At 11 a.m. every day the bell rang five times in the tiny makeshift chapel to commemorate the five wounds of the Lord, followed by an hour of silence, during which Gina washed and cleaned and prepared food for the sick. Psalms were recited before and after meals, starting with Psalm 1, ending with Psalm 150, repeating every three days.
Have mercy on me, o God, and hide thy face from my sins.
“Gina, you know how I feel about you,” Rose was saying. “You are like a divine child. But you also know how I feel about the work we do. It’s uncompromising. And I’m unyielding when it comes to maintaining a very high level of servitude. The sicker our patients, the poorer and more wretched, the more I expect from the women who minister to them.”
“I know that, Rose.”
“I cannot force anyone to be good, it is not my inclination nor my desire. But any hint of laziness, frivolity or self-indulgence and I must ask them to seek service elsewhere.”
Gina tried hard not to bow her head. “I understand.”
Rose kissed her. “Do you remember you once told me you were too fond of dancing and ice cream to be a nun?”

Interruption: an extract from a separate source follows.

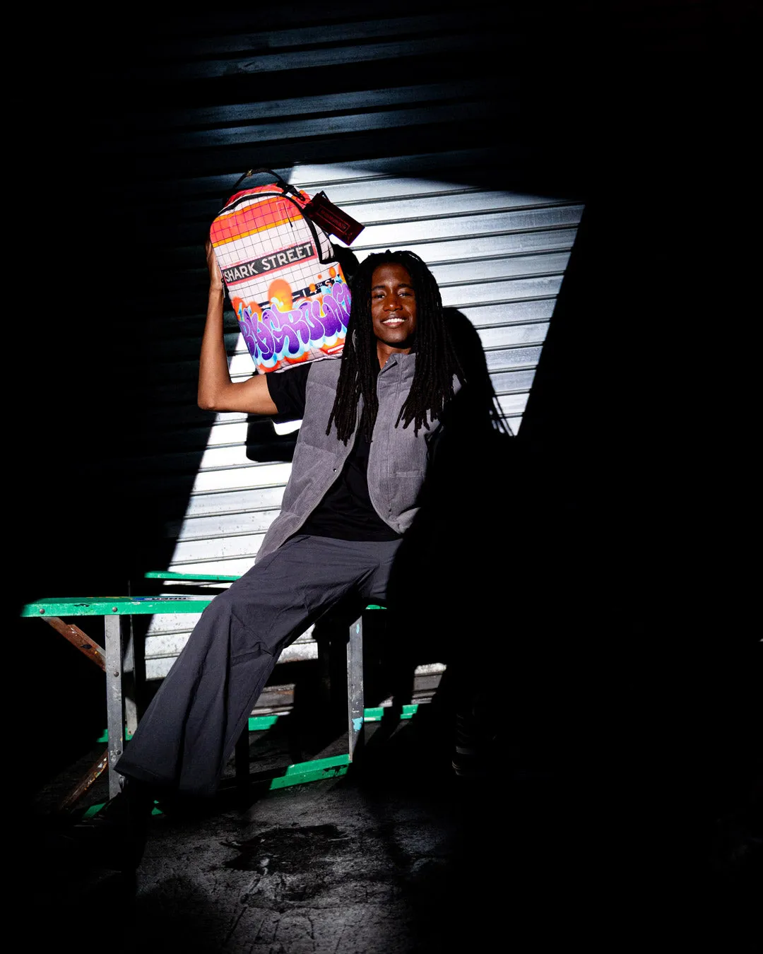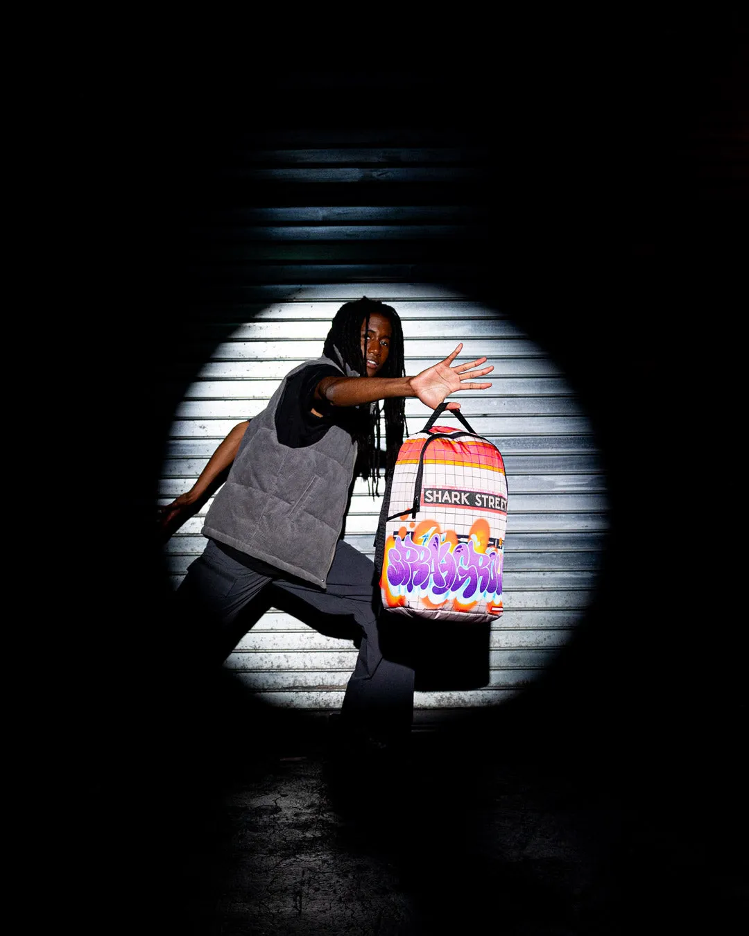 Dimensions: 18″ x 6″ x 11.5″ ? Front zipper pocket ? Side pockets ? Zippered Stash pocket ? Separate velour sunglass compartment ? Ergonomic mesh back padding ? Adjustable Straps for custom sizing ? Gold zippers with metal hardware ? Metal “Sprayground Authentic” badge ? Slide through back sleeve connects to carry-on luggage to free your hands
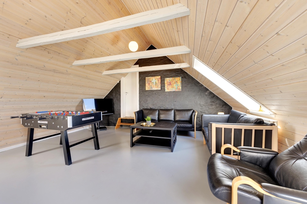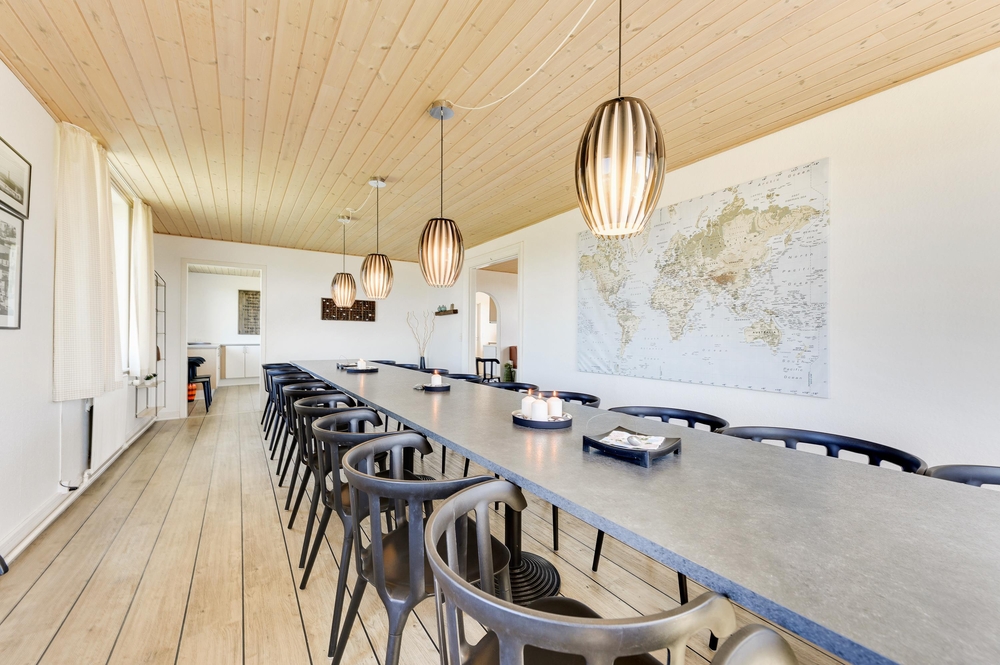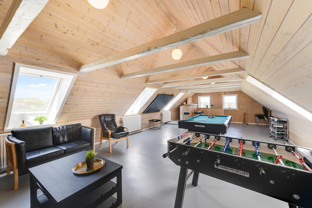 Im Ferienhaus an der Westküste Dänemarks könnt ihr mit 25 Personen und euren Hunden anreisen. Auf zwei Etagen verteilt finden alle Mitreisenden genügend Platz und das Haus bietet genügend Unterhaltung für jedes Alter auf allen Etagen ? hier wird sich garantiert niemand langweilen.

“I don’t remember saying that.” It did sound like her, though.
Rose smiled. “Do you still feel that way?”
Gina frowned, slightly puzzled. “I’m married, Rose. I can hardly become a nun now.”
“Are you too fond of dancing and ice cream to be a wife?”
Letting go of Rose’s hands, Gina stepped away. She tried not to stagger away. “No. But I must run, I have much to do.”